Stored data entries:
┌──
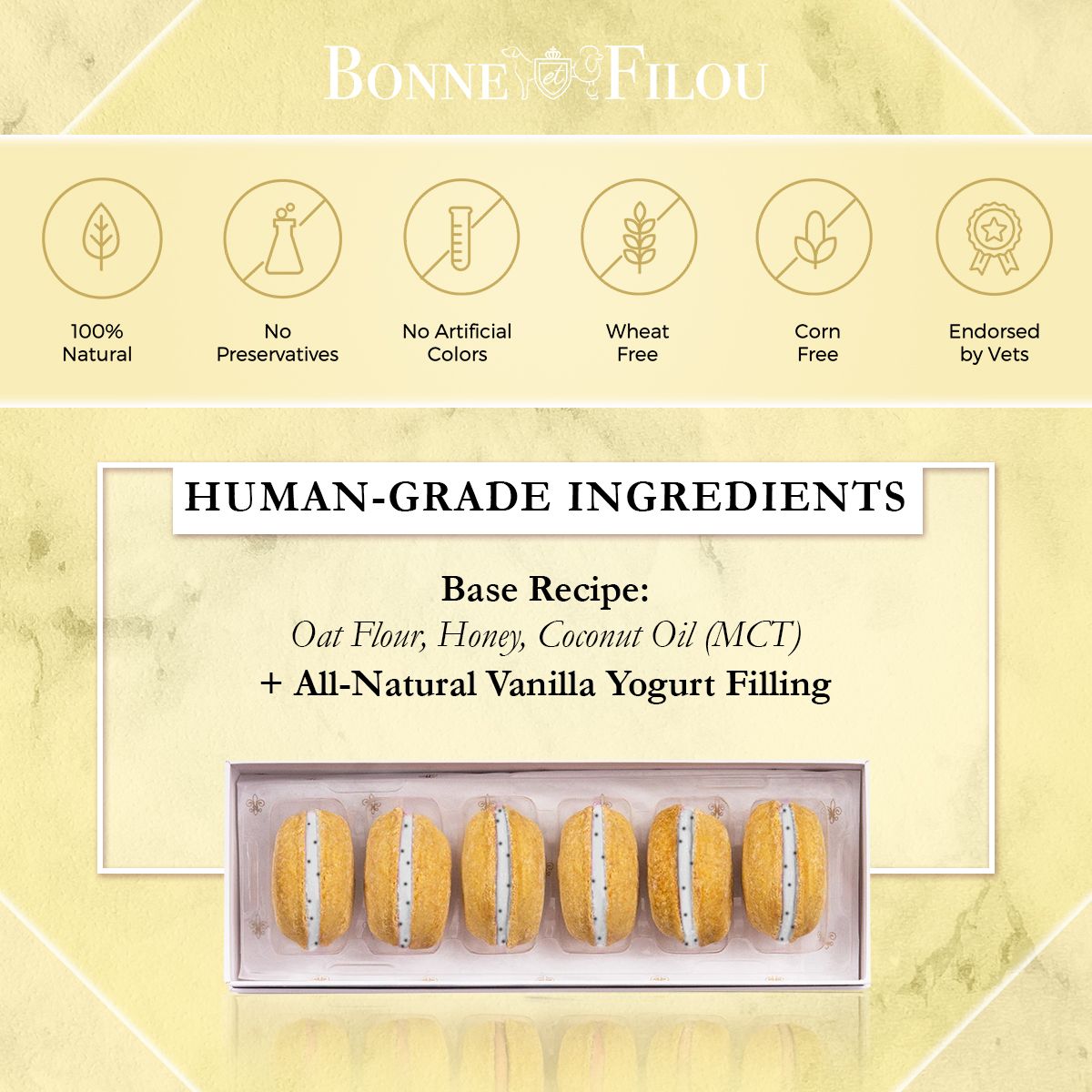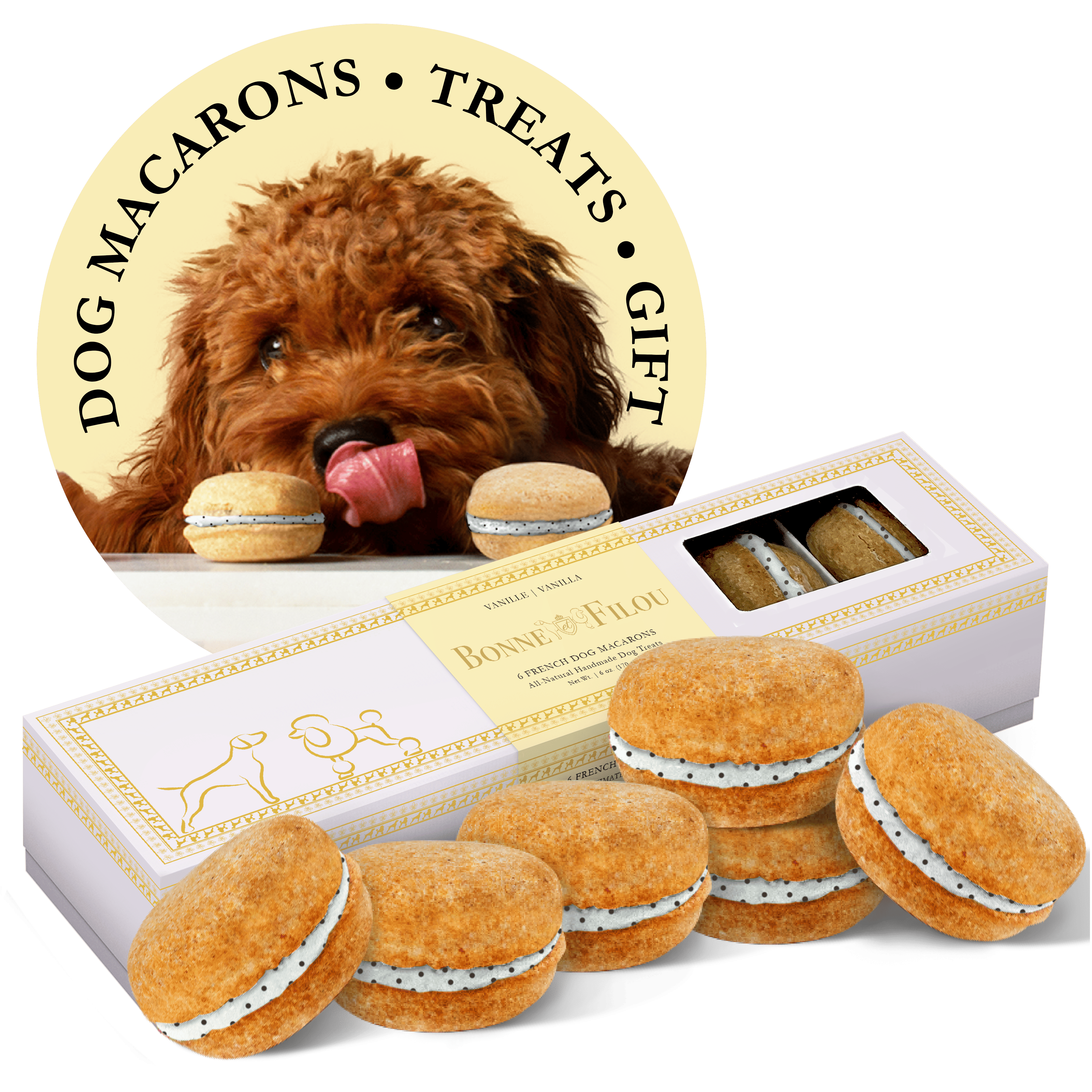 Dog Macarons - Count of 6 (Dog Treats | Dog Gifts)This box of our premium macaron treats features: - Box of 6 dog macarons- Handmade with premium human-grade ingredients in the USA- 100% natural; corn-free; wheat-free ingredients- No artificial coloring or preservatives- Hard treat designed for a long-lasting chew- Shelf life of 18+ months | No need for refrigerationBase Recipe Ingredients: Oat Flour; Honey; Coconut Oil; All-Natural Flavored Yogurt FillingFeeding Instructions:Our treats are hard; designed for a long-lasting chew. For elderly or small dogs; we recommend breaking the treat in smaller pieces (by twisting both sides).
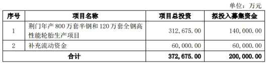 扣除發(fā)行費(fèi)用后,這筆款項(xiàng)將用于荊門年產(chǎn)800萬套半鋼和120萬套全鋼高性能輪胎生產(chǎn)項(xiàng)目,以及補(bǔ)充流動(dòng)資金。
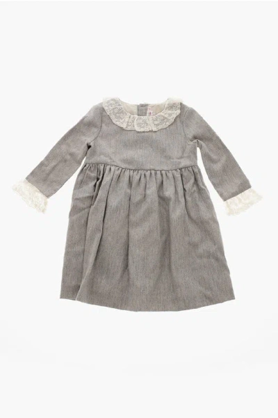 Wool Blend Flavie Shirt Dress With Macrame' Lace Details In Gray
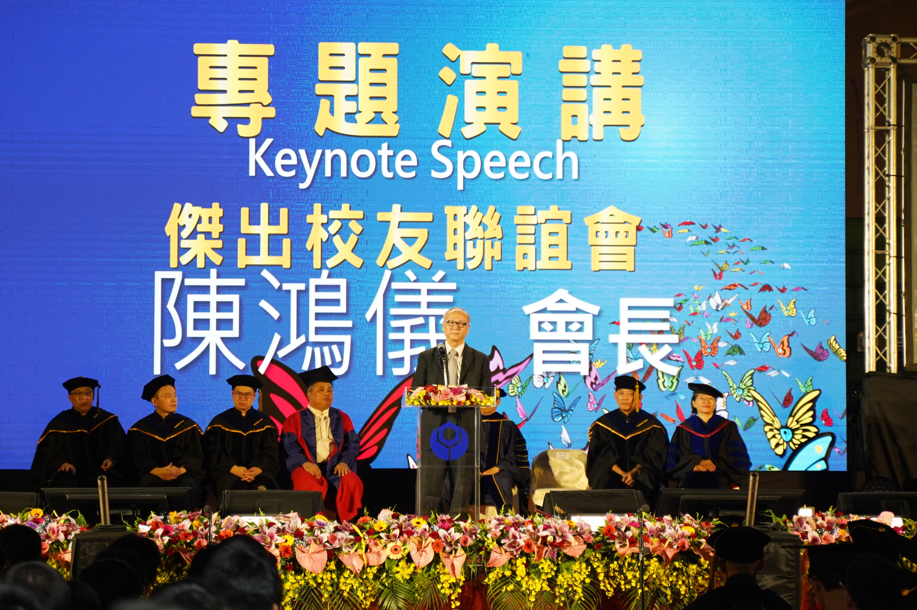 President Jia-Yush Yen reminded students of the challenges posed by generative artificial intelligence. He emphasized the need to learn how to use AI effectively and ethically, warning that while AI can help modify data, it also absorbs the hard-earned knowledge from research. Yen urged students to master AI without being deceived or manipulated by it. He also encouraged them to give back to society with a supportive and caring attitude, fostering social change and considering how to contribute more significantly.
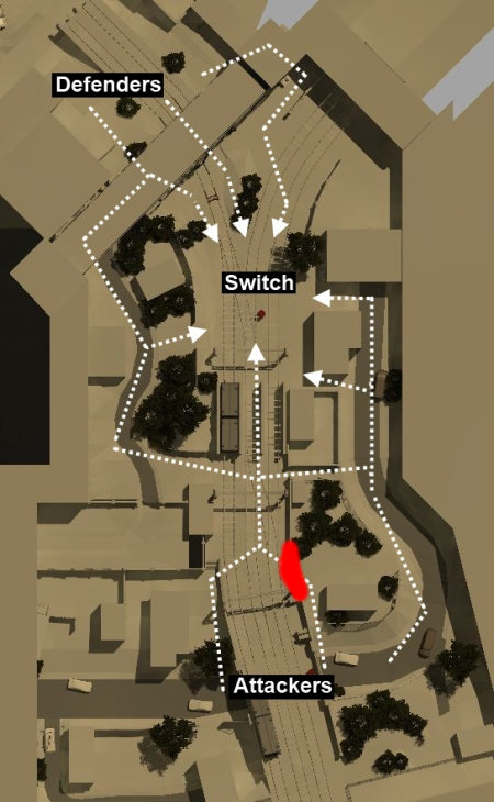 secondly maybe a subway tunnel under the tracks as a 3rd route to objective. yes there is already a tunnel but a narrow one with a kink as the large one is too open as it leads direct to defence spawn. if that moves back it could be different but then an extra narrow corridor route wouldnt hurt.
└──
→ Exercise
Exactly the lines from the line that contains "扣除發(fā)行費(fèi)" through the last line above, and no other lines, must be output, with pictures excluded.

→ Answer below
 扣除發(fā)行費(fèi)用后,這筆款項(xiàng)將用于荊門年產(chǎn)800萬套半鋼和120萬套全鋼高性能輪胎生產(chǎn)項(xiàng)目,以及補(bǔ)充流動(dòng)資金。
 Wool Blend Flavie Shirt Dress With Macrame' Lace Details In Gray
 President Jia-Yush Yen reminded students of the challenges posed by generative artificial intelligence. He emphasized the need to learn how to use AI effectively and ethically, warning that while AI can help modify data, it also absorbs the hard-earned knowledge from research. Yen urged students to master AI without being deceived or manipulated by it. He also encouraged them to give back to society with a supportive and caring attitude, fostering social change and considering how to contribute more significantly.
 secondly maybe a subway tunnel under the tracks as a 3rd route to objective. yes there is already a tunnel but a narrow one with a kink as the large one is too open as it leads direct to defence spawn. if that moves back it could be different but then an extra narrow corridor route wouldnt hurt.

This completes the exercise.